Один из замечательнейших примеров
подобного случая представляет собой д-р
Декстер, через посредство которого были
получены в 1852 году сообщения, помещенные в
сочинении судьи Эдмондса «Спиритуализм»
(1853). Свидетельство г. Декстера имеет тем
более значение, что он доктор медицины и,
стало быть, лицо, вполне способное
наблюдать и анализировать подобные явления.

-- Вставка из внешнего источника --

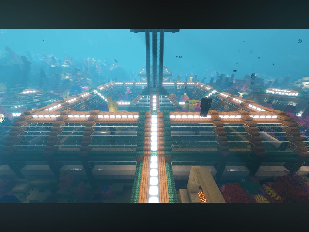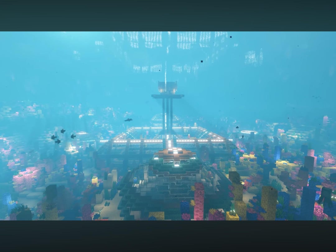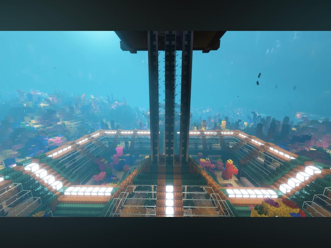 Nice build idea! You could try posting your blueprint and preferred biomes with the seed request that way people can suggest seeds with wide oceans + big coral reef areas that fit your base layout.
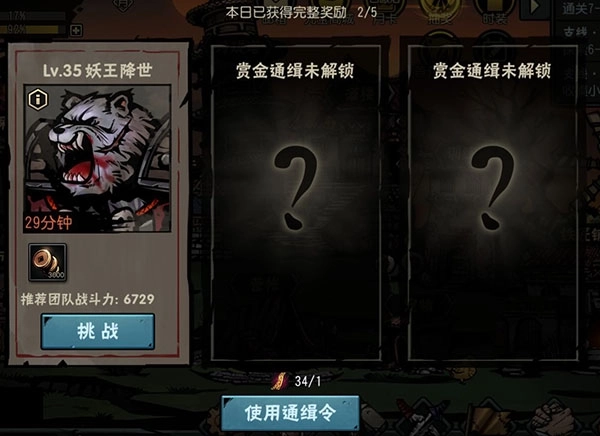 在主城界面,右边竖栏上我们可以看到赏金通缉的按钮,如果有小红点就证明当前有通缉任务,如果没有,那么我们可以自己刷新通缉任务,需要通缉令1个即可。

В своем предисловии к первому тому
упомянутого сочинения он, рассказывая о
своей борьбе с силами, сделавшими из него
медиума, говорит так:
«Теперь
прошло без малого два года, с тех пор как «спиритические
явления» впервые привлекли мое внимание, и
я уже говорил, что неверие мое было так
сильно, что я готов был признать их все за
одно из величайших шарлатанств нашего
времени. Соглашаясь же на предложение
одного приятеля посещать сеансы
спиритического кружка, я руководился двумя
соображениями: во-первых, желанием
удовлетворить собственное любопытство, а
во-вторых, предположением, что если явления
не обусловливаются преднамеренным обманом,
то могут быть следствием естественного
закона и что мне, может быть, удастся или
раскрыть обман, или найти естественную
причину, лежащую в их основании (с. 82).
Удовлетворив
свое любопытство ежедневным их наблюдением
и убедившись, что не было ни фокусничества,
ни стачки, как в умственных, так и в
физических явлениях, я должен был сознаться,
что ни естественные, ни психические законы,
доселе известные, не дают им надлежащего
объяснения; тем не менее, как бы странным
это ни казалось, несмотря на частые и
поразительные доказательства; получаемые
мною, я продолжал относиться к вопросу
скептически. И хотя даже после нескольких
месяцев внимательных исследований я не был
в состоянии разрешить эту удивительную
проблему и бывали минуты, когда я готов был
признать себя почти убежденным
спиритуалистом, все-таки я продолжал не
верить. Ибо я не мог допустить возможности,
чтобы дух, неосязаемый, невещественный,
эфирный, каким я его всегда представлял
себе, мог входить в общение с человеком; и в
особенности не верил я тому, чтобы дух, по
общему о нем мнению, не имеющий ничего
осязаемого, мог двигать столы, стучать в
стену, поднимать на воздух людей, вообще
проявлять себя в этом материальном мире, им
навеки покинутом. Беспристрастно сравнивая
факт с фактом, доказательство с
доказательством, я не мог не сознавать, что
в любом спорном вопросе половины всех
предъявленных фактов было бы достаточно,
чтобы поверить. Но я знал, что этого не
может быть, и потому не верил (с. 88).
Ни воля
моя, ни желание нисколько не участвовали в
моем медиумическом развитии, ибо оно шло
против них, и когда в первый раз я
почувствовал на себе то влияние, проявление
которого я видал на других медиумах, то
воспротивился этому всеми силами духа и
тела (с. 89).
Однажды,
поздно вечером, я сидел у себя в приемной
комнате один, на кресле; правая рука моя
лежала на ручке его. Мысли мои были заняты
тем, что я только что читал. Я почувствовал
во всей руке какое-то странное ощущение, как
если бы у плеча схватили ее две руки; я
попробовал поднять ее, но не мог и едва
сделал усилие, как пальцы были прижаты к
ручке кресла и невольно крепко обхватили ее.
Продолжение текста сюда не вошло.